Time-Varying Disturbance Observer Based Improved Sliding Mode Single-Loop Control of PMSM Drives With a Hybrid Reaching Law

• Published in: IEEE transactions on energy conversion Vol. 38; no. 4; pp. 2539 - 2549
• Main Authors: Zhang, Zhixin, Liu, Xudong, Yu, Jinpeng, Yu, Haisheng
• Format: Journal Article
• Language: English
• Published: New York IEEE 01.12.2023; The Institute of Electrical and Electronics Engineers, Inc. (IEEE)

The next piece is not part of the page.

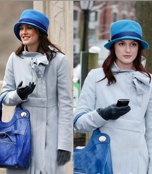 緋聞女孩的熱播,雖然更大的看點(diǎn)是狗血的劇情,相信劇中女孩們的搭配,也是許多女生的心頭好,B身穿淡藍(lán)色大衣,淑女的線條和腰身,內(nèi)搭淡藍(lán)色圓點(diǎn)短裙,這樣一個(gè)秋冬的街頭,難免顯得單薄,聰明的搭配了水藍(lán)色禮帽的她看起來(lái)是那么的甜美,為了不讓帽子看起來(lái)孤單,與之搭配的同色手包令整體搭配更顯明媚一致。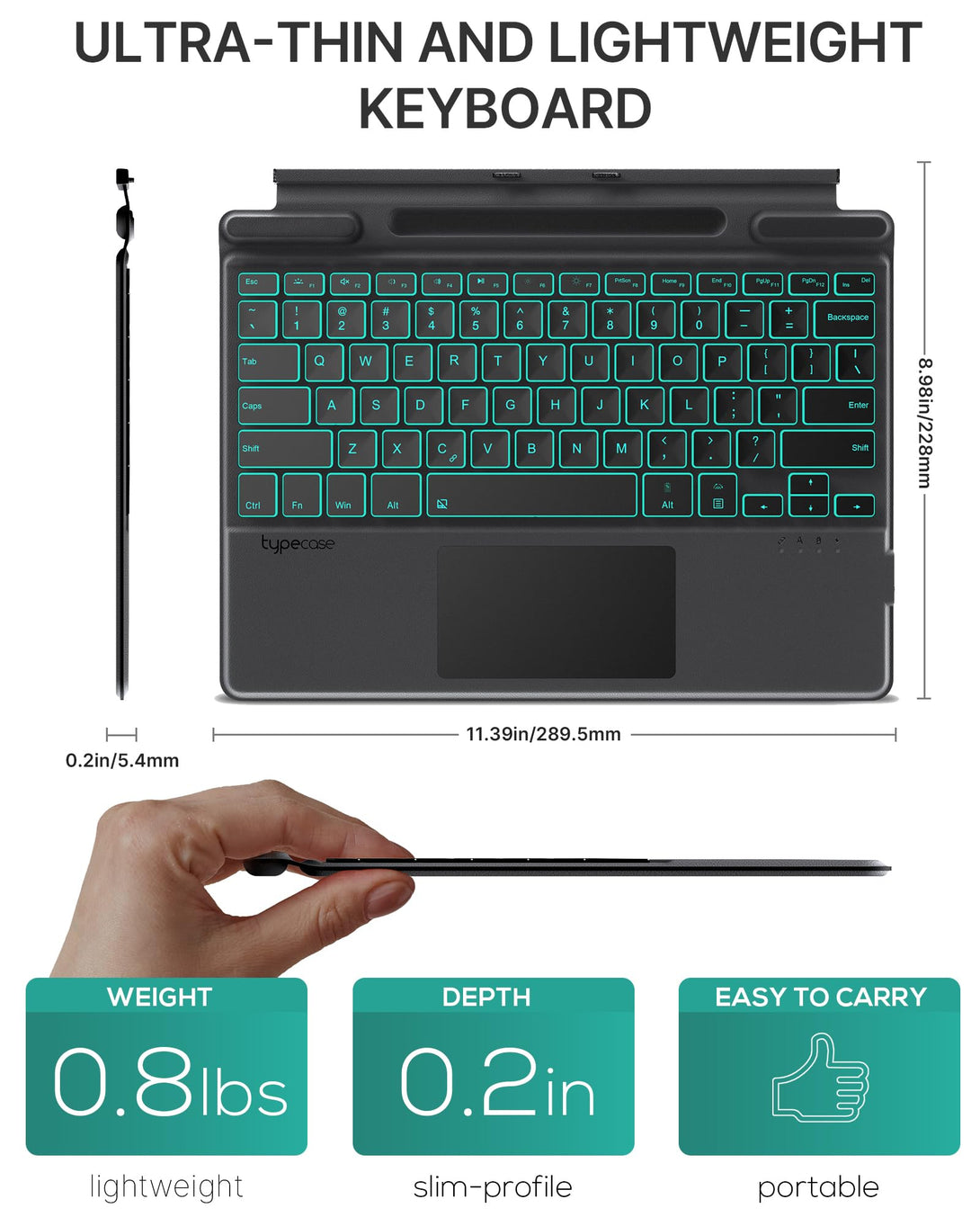 Typecase Cover for Microsoft Surface Pro 9 Keyboard/Pro 8/Pro X 13 Inch: 11-Color Backlit - Multi-Touch Trackpad - Wireless Magnetic Detachable Keyboard - Slim Portable Keyboard with Pen Holder

• Subjects: Controllers; Convergence; Disturbance observers; Hybrid reaching law (HRL); Permanent magnet motors; Permanent magnet synchronous motor (PMSM); Permanent magnets; Robust control; Single-loop control; Sliding mode control; Sliding mode control (SMC); Speed control; Stability analysis; Synchronous motors; Time-varying nonlinear disturbance observer (TVNDO); Trajectory; Transient performance; Transient response; Velocity control
• ISSN: 0885-8969; 1558-0059
• DOI: 10.1109/TEC.2023.3277628

To simplify the control structure, improve transient performance and disturbance rejection ability of the permanent magnet synchronous motor (PMSM), a hybrid reaching law (HRL) based sliding mode control (SMC) and a time-varying nonlinear disturbance observer is proposed for the speed-current single-loop control. Firstly, a HRL including variable terminal term and variable exponential term based sliding mode control is proposed. The chattering is analyzed, and the results indicate that the convergence time is effectively accelerated and the chattering is reduced. Then, a non-singular terminal sliding mode speed controller with single-loop structure is designed. The present scheme has better transient response and higher tracking performance. Furthermore, to strength the anti-disturbance ability and eliminate the estimated peak at the initial time, a time-varying nonlinear disturbance observer (TVNDO) is proposed to estimate both matched and mismatched disturbances, respectively, and they are carried out to provide disturbances compensation for the proposed controller. Subsequently, the convergence time is calculated, and the stability of the control system is analyzed and proved by the Lyapunov theory. Comparative experiments indicate that HRL+TVNDO has better speed control performance, such as smaller overshoot, faster transient response, higher control accuracy and stronger robustness under different operating conditions.